How to Improve graphhopper-automation skill
Improve graphhopper-automation inputs
The biggest quality improvement is better task framing. Include the job type, locations, units, mode of travel, required output format, and acceptable fallback. For example:
Search current GraphHopper tools for matrix travel times. Use these 12 latitude/longitude pairs, return a CSV-style table of pairwise durations in minutes, and do not guess missing coordinates.
This is stronger than “calculate distances” because it tells the agent what GraphHopper capability to look for, what data shape to use, and how to format the result.
Watch for common failure modes
Common issues include inactive GraphHopper connection, skipped tool discovery, ambiguous addresses, missing required schema fields, and assuming a tool supports optimization when only routing or matrix calculation is available.
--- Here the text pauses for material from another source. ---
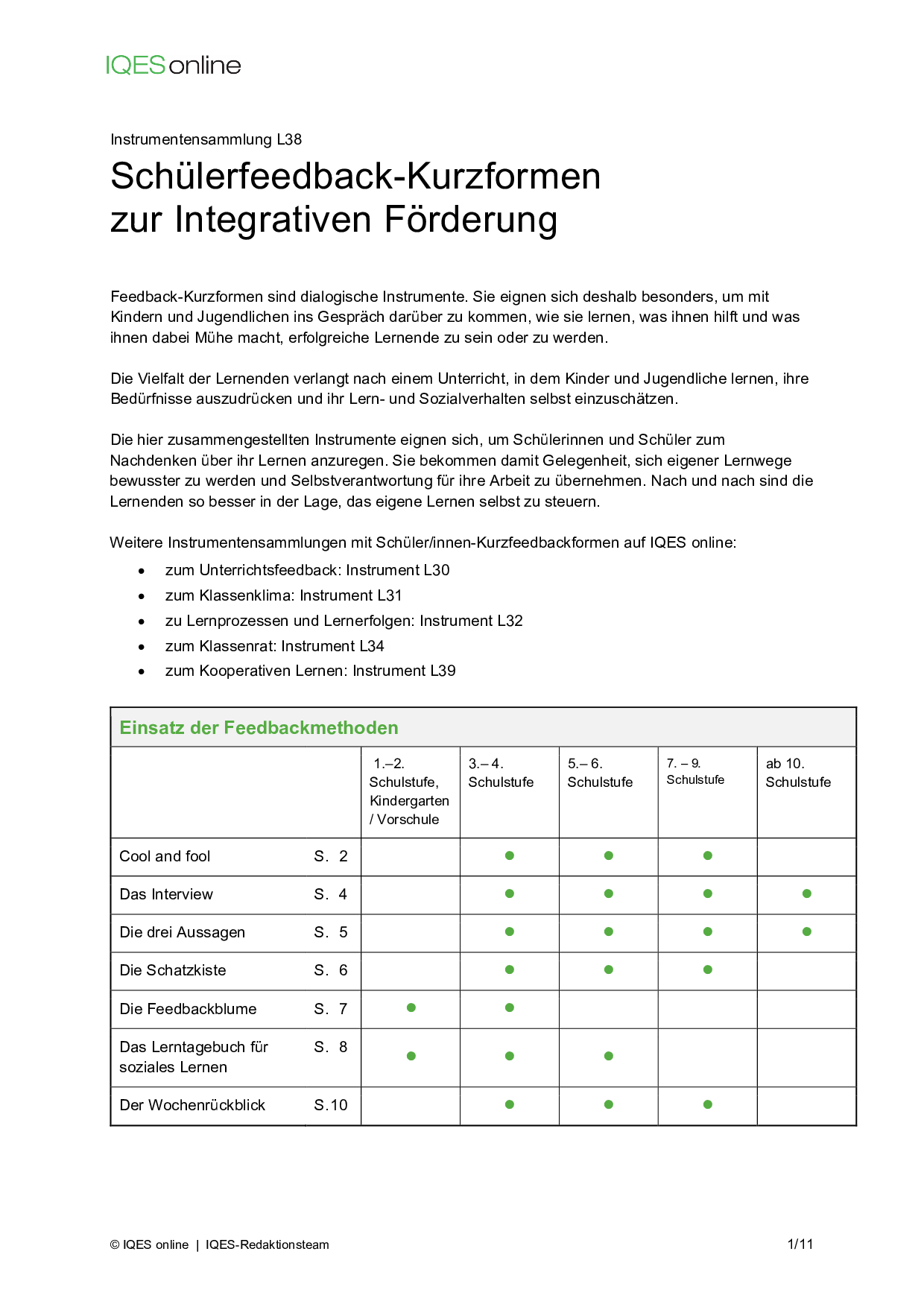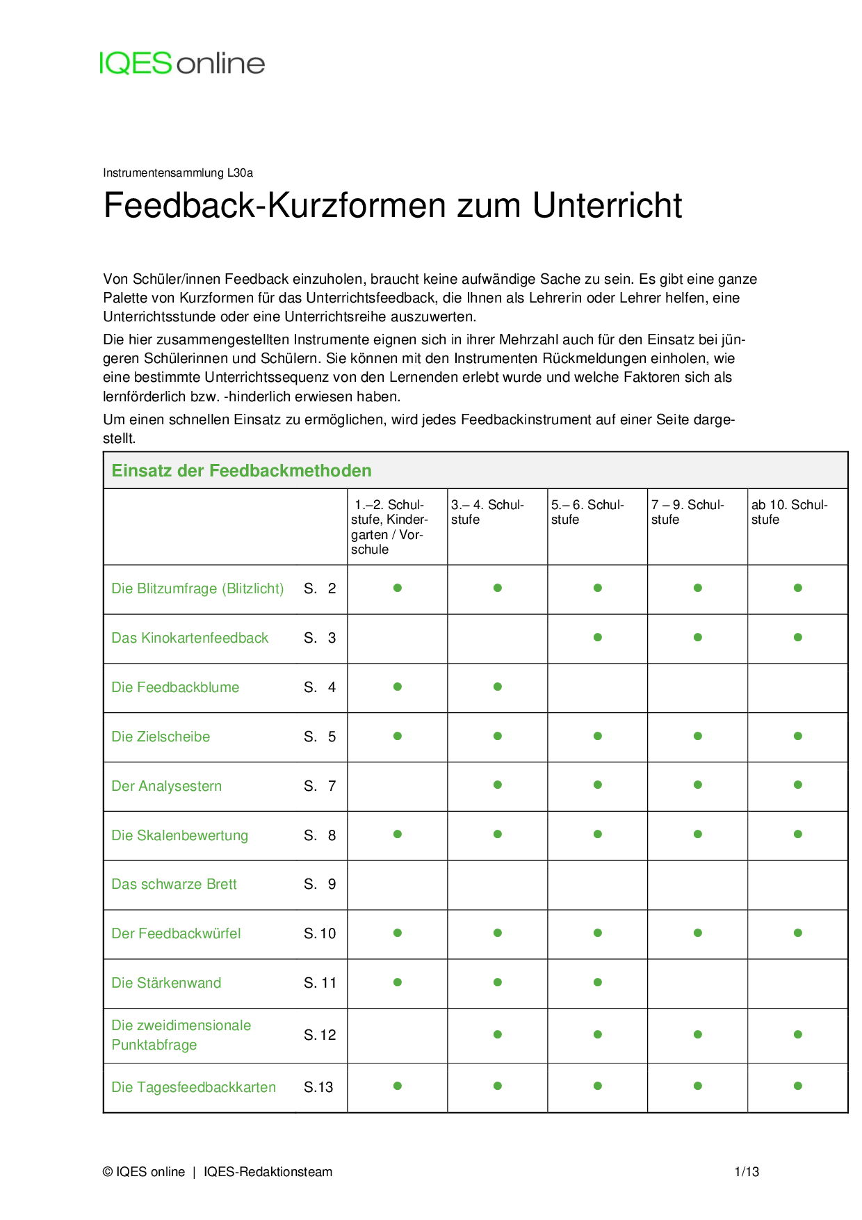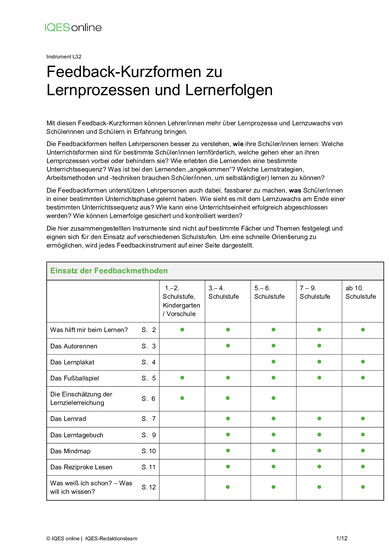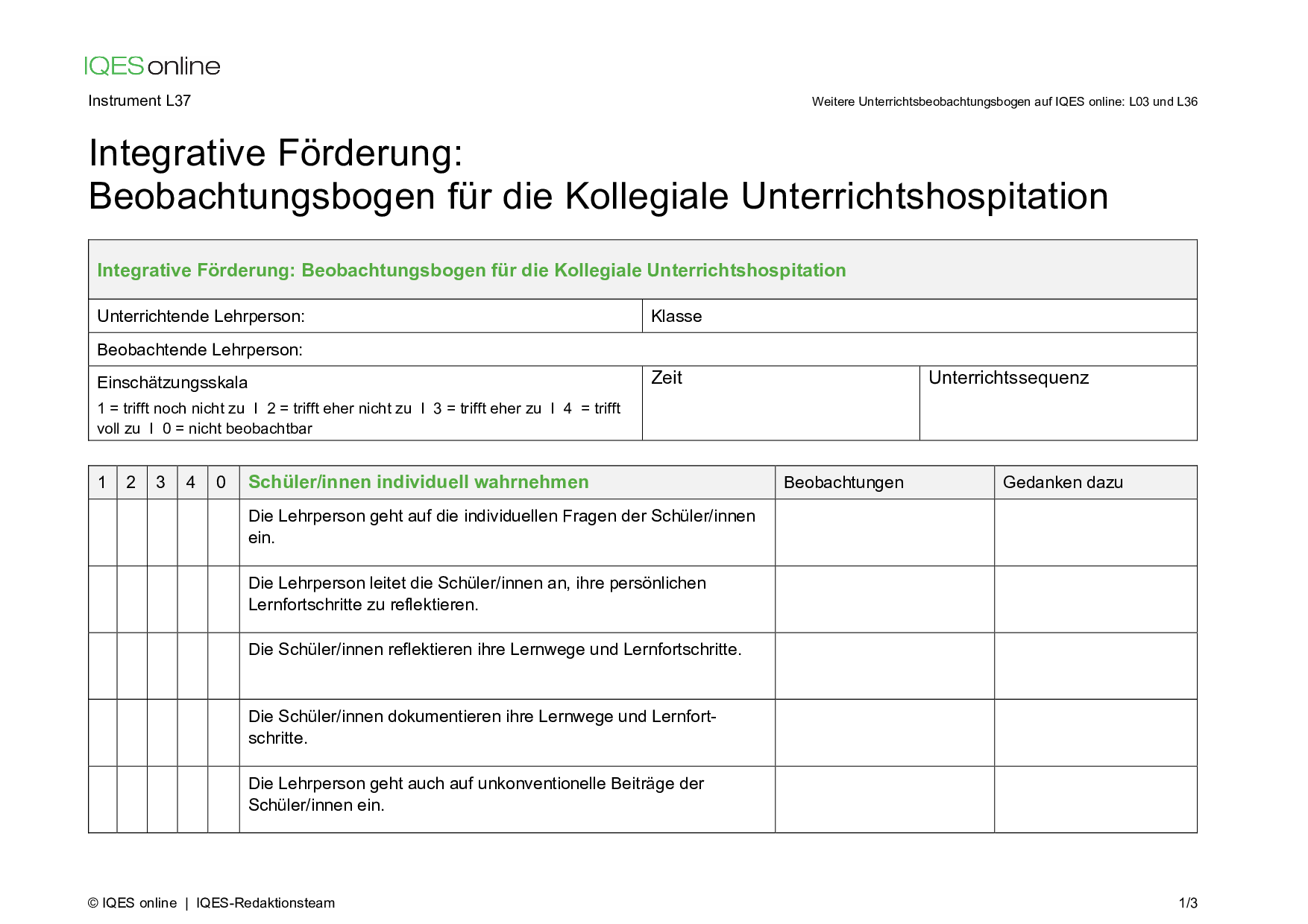 Instrument für Selbstreflexion und Standortbestimmung in Unterrichtsteams/ pädagogischen Teams

A good graphhopper-automation guide prompt should explicitly say: discover tools first, check connection status, inspect required fields, then execute.
Iterate after the first result
After the first output, ask the agent to compare the result against the discovered schema and your original constraints. Useful follow-ups include:
- “Show which input fields were required versus optional.”
- “Rerun the tool search for route optimization specifically.”
- “Convert the result into a dispatch-ready table.”
- “Explain any GraphHopper limitation or missing parameter that affected the result.”
This turns a one-shot call into a dependable workflow.
Extend the skill for team use
If your team uses graphhopper-automation regularly, add internal examples for your common tasks: route planning, matrix calculations, depot-to-stop analysis, or territory checks. Store preferred coordinate formats, output templates, and connection troubleshooting notes near the skill. The upstream repository is intentionally minimal, so local examples can materially improve consistency without changing the core Rube MCP discovery pattern.